Paulina Bahamondes, a single mother from Chile, has been studying with Mr. Lupoletti for nearly six months.
Seeking Fluency
She has conquered survival English and found a job working in the kitchen at the Senior Center, but wants to be fluent.
She said she would like an American college degree so she can "someday be in my own profession."
Ms. Bahamondes was a social worker in Chile before emigrating in 1987.
All the teachers and tutors interviewed said they benefited as much from the program as the students, perhaps more. They are invited to christenings and weddings, asked to help smooth out immigration difficulties, and otherwise share in their students' lives.
Like Family
"They make me feel like family. I wish my own children showed me such respect and did everything I told them to," laughed Mrs. Charney.
The Chen family affectionately calls Mr. Schmitz "Bobu." Two Latino students have named him the padrino, - a sort of godfather - of their wedding.
"Nobody wants to let you go," he said. "You become like family. But when they can speak well enough, I try to discharge them to BOCES."
"A Blessing"
Donna Milazzo, a Sag Harbor resident and certified E.S.L. teacher who has been leading BOCES classes in East Hampton for three years, called the experience "a blessing."
Nearly all her students are Latino, most from Ecuador, "and they're taught to treat the teacher as they would their mother, with respect and appreciation."

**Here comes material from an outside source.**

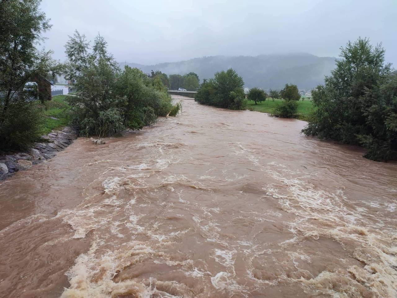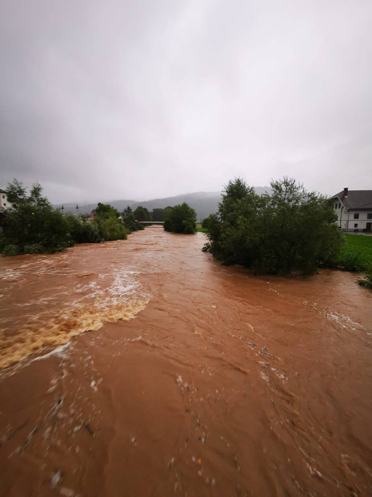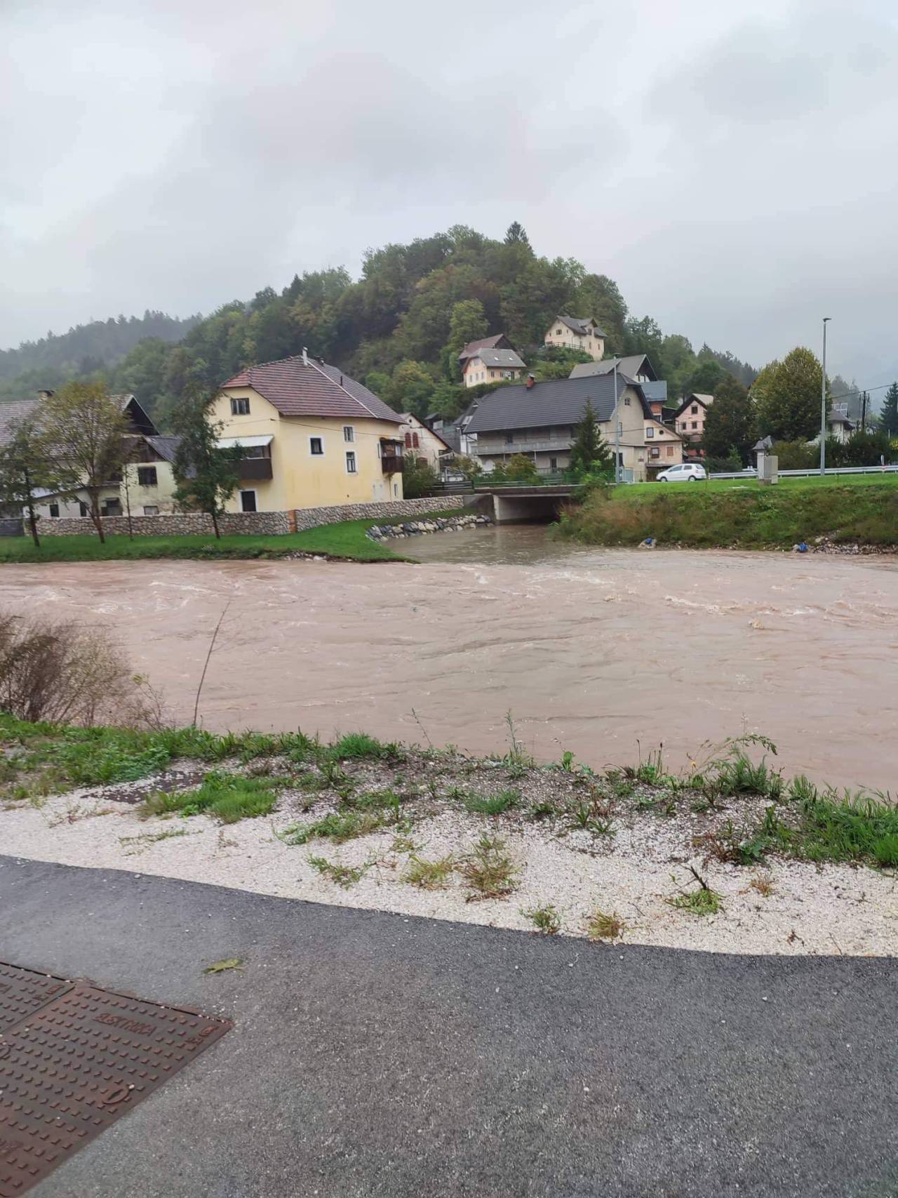 Čez bregove se je spustila reka Sora, voda je zajela Gorenjo vas, Ljubljanica pa se v blatni barvi približuje bregovom.

"In a lot of adult programs, you have people who are going for their last-chance life skills, and they come with a lot of social issues that are acted out in class," she said. "I don't see that in E.S.L. They come to learn English. It's really wonderful."
Life Skills
Instructors in both the L.V.A. and BOCES programs allow their students to direct the classes by asking for help with Motor Vehicle Department regulations, applying for a job, or other practical matters.
"They don't need spelling or punctuation as much as they need to know how to answer the phone, talk to their boss, ask for a cup of coffee in a deli, find housing, deal with Motor Vehicles, get information about citizenship classes, find a good doctor for their children," said Ms. Milazzo.

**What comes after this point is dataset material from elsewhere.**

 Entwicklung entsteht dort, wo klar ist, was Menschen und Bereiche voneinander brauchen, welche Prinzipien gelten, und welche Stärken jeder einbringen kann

She offers help with all that through role-playing and conversational exercises: "You're going to lose them if you just ram punctuation down their throats," she said, "and the degree to which they know their first language will determine how well they learn a second one."
Changed Lives
Doris Charney helped one student study for his citizenship test by recording the curriculum on a cassette tape he could play in his car. He passed.
Another man, she said, "was depressed because he lost his job. The Hispanics, they're not really accepted here, and their work is so seasonal. Learning English gave him a little confidence and now he has his own painting business, a beeper, some employees. He's very sophisticated now."
Mrs. Charney used to run a window-treatment business with her husband. "I feel I really should have been a teacher," she said. "My first student, Luz, used to tell everybody I was her angel. I feel I really changed her life."